ASSIGNED TASK:
Pictures aside, repeat the listing below exactly.
── DATA
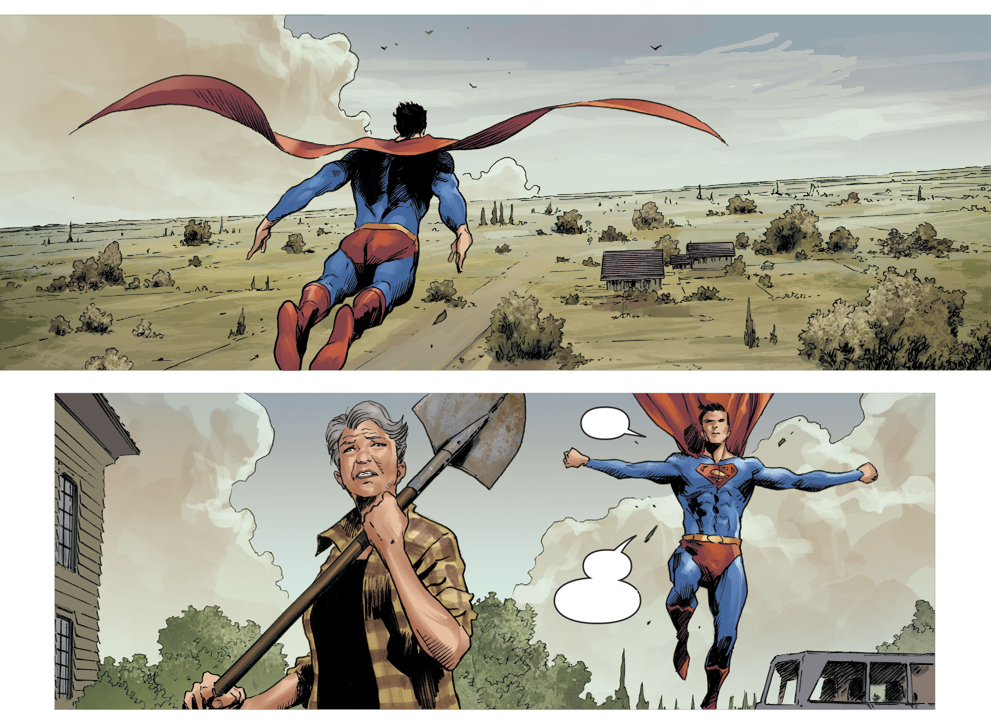Superman은 Lois Lane과 아들 Jon을 두고 부모님이 계신 Smallville로 갑니다.
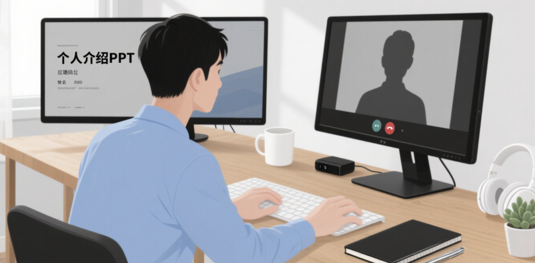 面试的时候,可以准备两个显示屏,这样可以一个屏幕放个人介绍的ppt,一个屏幕放视频通话的窗口。这样能让你直视面试官的眼睛,直接和面试官眼神交流。
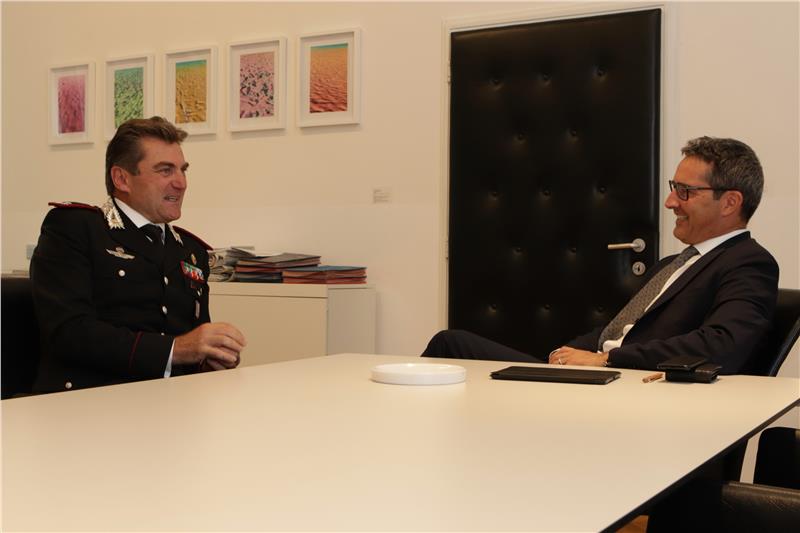 Carabinieri-Kommandant Mennitti verlässt im kommenden Juli Südtirol. Heute hat er Landeshauptmann Kompatscher seinen Abschiedsbesuch abgestattet.
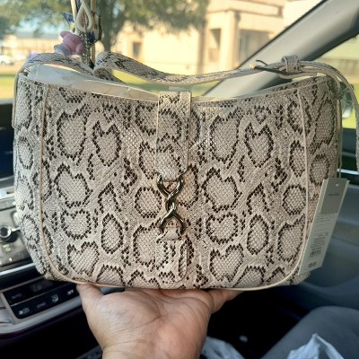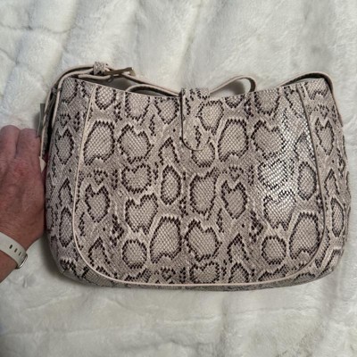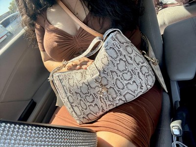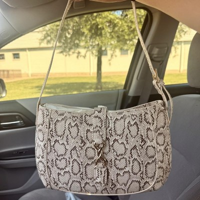 [This review was collected as part of a promotion.] I was attracted to the faux snake print on this bag. I love the beige neutral color that goes with so many outfits. I like the medium size of this chic bag that can tale a purse and phone and glasses. It fastens easily and looks great. It is suitable for all ages and perfect for travelling. The strap is adjustable and it can be worn over the shoulder too and It is made well. I received an incentive to write this review.
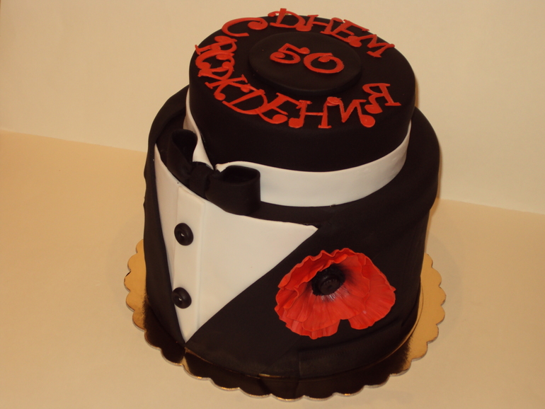 Просто смокинг, на пятидесятилетие мужчины. Идя из интернета, к сожалению не знаю чья(. Низ-3 шоколада, верх киевский.
────
WRITTEN RESPONSE:
Superman은 Lois Lane과 아들 Jon을 두고 부모님이 계신 Smallville로 갑니다.
 面试的时候,可以准备两个显示屏,这样可以一个屏幕放个人介绍的ppt,一个屏幕放视频通话的窗口。这样能让你直视面试官的眼睛,直接和面试官眼神交流。
 Carabinieri-Kommandant Mennitti verlässt im kommenden Juli Südtirol. Heute hat er Landeshauptmann Kompatscher seinen Abschiedsbesuch abgestattet.
 [This review was collected as part of a promotion.] I was attracted to the faux snake print on this bag. I love the beige neutral color that goes with so many outfits. I like the medium size of this chic bag that can tale a purse and phone and glasses. It fastens easily and looks great. It is suitable for all ages and perfect for travelling. The strap is adjustable and it can be worn over the shoulder too and It is made well. I received an incentive to write this review.
 Просто смокинг, на пятидесятилетие мужчины. Идя из интернета, к сожалению не знаю чья(. Низ-3 шоколада, верх киевский.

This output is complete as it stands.